Langfuse Launch Week #2

A week dedicated to unlocking model capabilities and integrating Langfuse into your development loop

Clemens

We are excited to announce Langfuse Launch Week #2!

Starting on Monday, November 18th, 2024, we’ll unveil a major upgrade to the Langfuse platform every day until Friday. We’re topping it off with a Product Hunt launch on Friday and a Virtual Town Hall on Wednesday.

Star us on GitHub and follow us on Twitter for daily updates.

Want to see what we have launched in LW1 back in April to get a taste of what’s coming? Check out the blog post.

Launch Week Focus

Langfuse Launch Week #2 Theme - Supporting the next generation of models and Langfuse in the development loop

This week, we’re focusing on supporting the next generation of models. As AI models evolve Langfuse is evolving too. We’re integrating Langfuse deeply into your development loop with end-to-end prompt engineering workflow tooling tailored for product development teams. Stay tuned for the exciting updates ahead!

🚀 Day 0: Prompt Management for Vercel AI SDK

import { generateText } from "ai";
import { Langfuse } from "langfuse";
 
const langfuse = new Langfuse();
 
// fetch prompt from Langfuse Prompt Management
const fetchedPrompt = await langfuse.getPrompt("my-prompt");
 
const result = await generateText({
  model: openai("gpt-4o"),
  prompt: fetchedPrompt.prompt, // use prompt
  experimental_telemetry: {
    isEnabled: true, // enable tracing
    metadata: {
      langfusePrompt: fetchedPrompt.toJSON(), // link trace to prompt version
    },
  },
});

Langfuse Prompt Management now integrates natively with the Vercel AI SDK. Version and release prompts in Langfuse, use them via Vercel AI SDK, monitor metrics in Langfuse.

This helps you answer questions like:

Which prompt version caused a particular bug?
What is the average latency and cost impact of a prompt version?
Which prompt version is the most used?

See the changelog for more details.

🆚 Day 1: Dataset Experiment Run Comparison View

Langfuse Datasets now features a powerful comparison view for dataset experiment runs. This new interface allows both technical and non-technical users to analyze multiple experiment runs side by side. Compare your application’s performance across different test dataset experiment runs, examine metrics like latency and cost, and dive deep into individual dataset items. Use it to accelerate your testing of different prompts, models, or application configurations.

See the changelog for more details.

⚖️ Day 2: LLM-as-a-judge for Dataset Experiments

Langfuse now brings managed LLM-as-a-judge evaluators to dataset experiments. Assign evaluators to your datasets and they will automatically run on new experiment runs, scoring your outputs based on your evaluation criteria. You can use any LLM that supports tool/function calling (OpenAI, Azure OpenAI, Anthropic, AWS Bedrock) and choose from built-in templates for criteria like hallucination, helpfulness, relevance, toxicity, and more. Unlike previous evaluators that were limited to production runs, these new evaluators can access your dataset’s ground truth (expected_output) for reliable offline evaluation - helping teams catch issues before they reach production.

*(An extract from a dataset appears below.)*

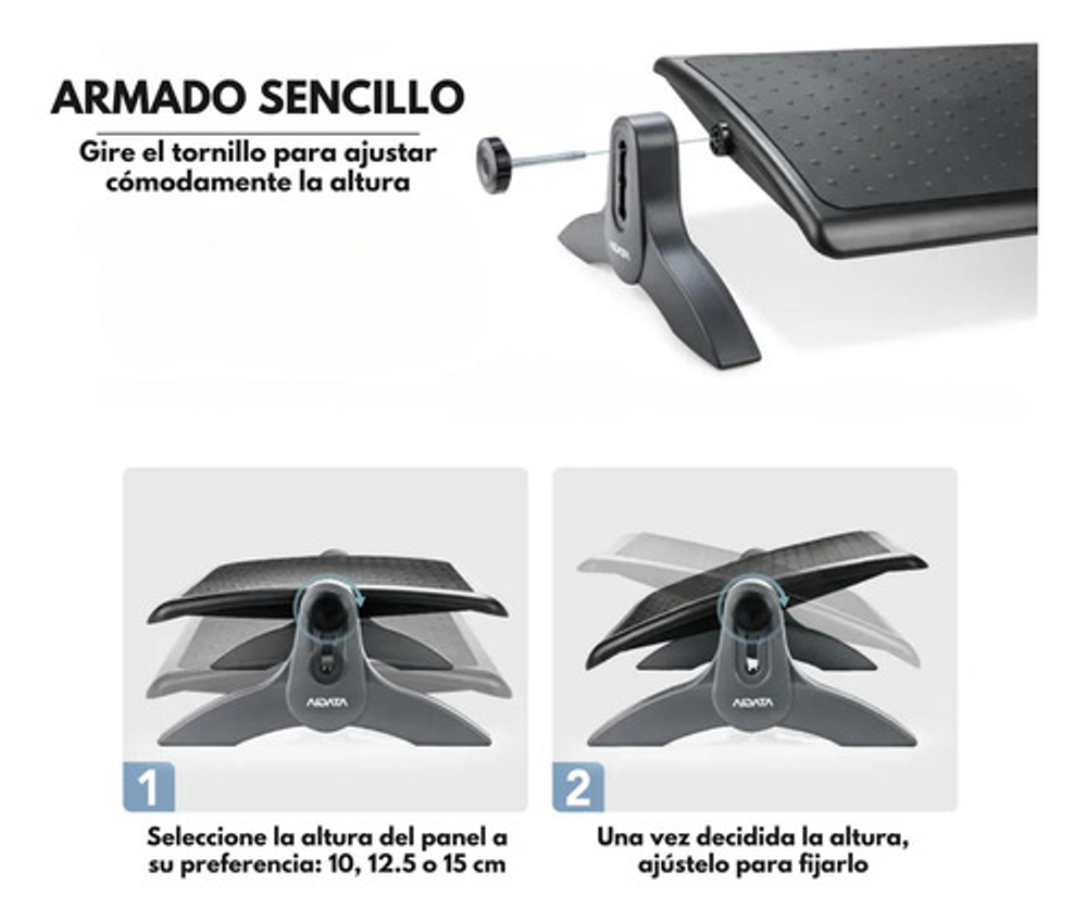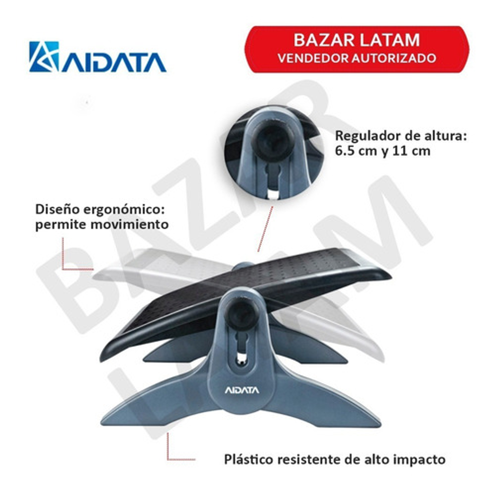 El Reposapiés de Aidata favorece una correcta posición del cuerpo, ayudando a reducir la tensión y la fatiga de las piernas, la espalda y el cuello. El reposapies favorece la circulación sanguínea y cuenta con topes antideslizantes para evitar que se deslice en el suelo.

See the changelog for more details or watch the video above for a walkthrough.

Langfuse now supports multi-modal traces including images, audio files, and attachments, enabling you to observe and debug multi-modal LLM applications end-to-end. Base64 encoded media is automatically handled by the SDKs across all integrations and SDKs, with no additional configuration required. You can also upload custom attachments or reference external media, with support for common formats like images (png, jpg, webp), audio files (mpeg, mp3, wav), and other attachments (pdf, plain text).

See the changelog for more details or watch the video above for a walkthrough.

📚 Day 4: All new Datasets and Evaluations documentation

Today we’re highlighting documentation - an often overlooked but critical element of great Developer Experience. Alongside major updates to our Datasets and Evaluations features, we’ve completely rebuilt their documentation to be more thorough and user-friendly than ever before. The new docs better explain how and when to use these features, introduce core data models, and provide end-to-end examples as Jupyter Notebooks. We’ve also revamped the /docs start page to reflect Langfuse’s comprehensive platform scope, and added llms.txt for better LLM tool integration. Documentation is product at Langfuse - we take it seriously and have built many features to help users get the most value from it.

See the changelog for more details. It also includes a summary of all the features we added to the documentation over the last year to make it truly awesome.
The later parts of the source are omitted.